Engel and Orkin balance and embellish their story with details of New York street life through the eyes of photographers who love the city and know it well: hearts with lovers’ names in Chinese and English inscribed in chalk on a Chinatown sidewalk, two small children running along the outline of the shadow of the Statue of Liberty, and interactions with bystanders, among other things. Peggy has a great city accent.
The story opens with Peter (William Ward), a professional photographer and friend of Ann’s who is making a children’s picture book, photographing Peggy as she explores the zoo. Peter and Peggy visit both the Bronx and Central Park Zoos. Peter, who gave Peggy the Slinky toy that she plays with throughout the movie, also gives Peggy her first camera.
Larry has a month off in New York to think about his professional—and emotional—future. Ann, a professional model, has a flexible schedule that allows her to spend time sightseeing New York with Larry and Peggy. Peggy will go to summer camp when Peter finishes shooting her for his book.
Larry snaps pictures of the photogenic Ann; a tourist on the Observation Roof of Rockefeller Center asks Larry to use the tourist’s camera to take a picture of him and his wife with Central Park in the background. They switch places and the tourist snaps Ann and Larry using Larry’s camera. And Peggy takes pictures of her mother and Larry.
Among the best scenes is a visit to the Museum of Modern Art. Larry has just given Peggy a large toy sailboat that she takes with her because she wants to sail it in Central Park after they go to the museum. Peggy dawdles at the entrance, and then slips past the guard with her boat, skipping blithely ahead through a Jacques Lipchitz exhibit.
No one seems to pay any attention to the small child with a boat; Ann and Larry are engrossed in each other. And then Peggy spots the reflecting pool in the museum’s sculpture garden, an ideal place for her sailboat’s maiden voyage…
After he and Ann are engaged, Larry buys Peggy a doll, but she tells him she doesn’t like it. He suggests to Ann that he take Peggy to a toy store and let her pick something out. This would be a good way for him to spend some time alone with Peggy, Larry says.
‘You don’t know what it’s like taking a kid to a toy store,’ Ann says—and anyone with kids knows. ‘They don’t know what they want, and you can’t get them out of the place.’
‘I don’t see why it would be such a job to take a kid to a store,’ the bachelor says.
‘Try it,’ Ann says.
The next scene cuts to Peggy in the toy department at Macy’s at a time when it was a true child’s world of wonder filled with marvelous and inventive toys, larger than life and mercifully free of ‘brands’ and ‘tie-ins’ as we now know them. Peggy is lost in wonderland to Larry’s pique in a porkpie.
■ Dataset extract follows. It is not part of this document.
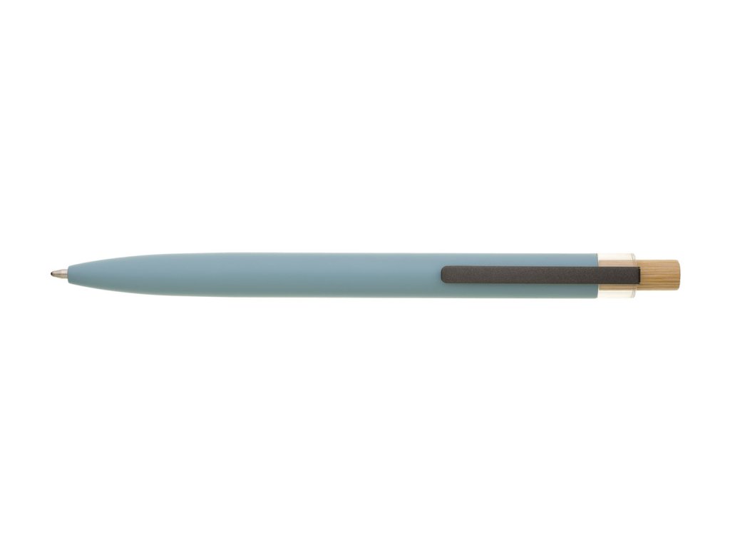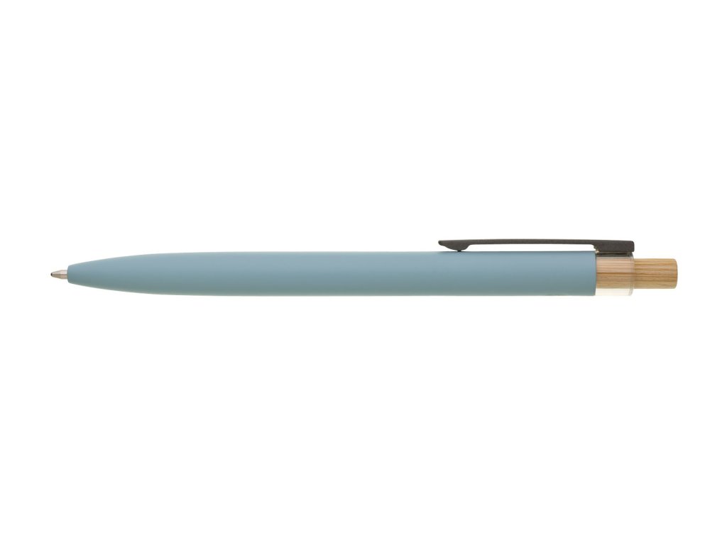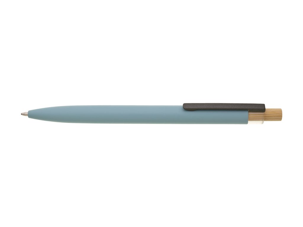 Světle modrá designová kovová propiska z recyklovaného hliníku. Tmavý kovový klip je uchycen v ozdobné transparentní koncovce, doplněné bambusovým cvakátkem. Náplň velkoobsahová, modře píšící. Kolekce SAVE THE NATURE.Doplňkové parametry
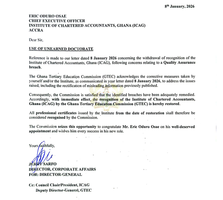 The Ghana Tertiary Education Commission (GTEC) has restored the recognition of the Institute of Chartered Accountants, Ghana (ICAG), following corrective steps taken to address concerns over the use of an unearned doctoral title by its Chief Executive Officer, Eric Oduro Osae.

These are just two of many such scenes and adventures these characters share in and around the city through the naturalistic lenses of Engel and Orkin.
Kino International issued this film on DVD in 2008 paired with Engel’s 1958 classic Weddings and Babies, two of three films Engels made in that decade.
For those in the New York metropolitan area, from now through March 25 [2012] the Jewish Museum is featuring A Radical Camera, a large exhibit of the photographs of the Photo League (1936-1951) which includes the work of Engel and Orkin as well as many other New York photographers of the time.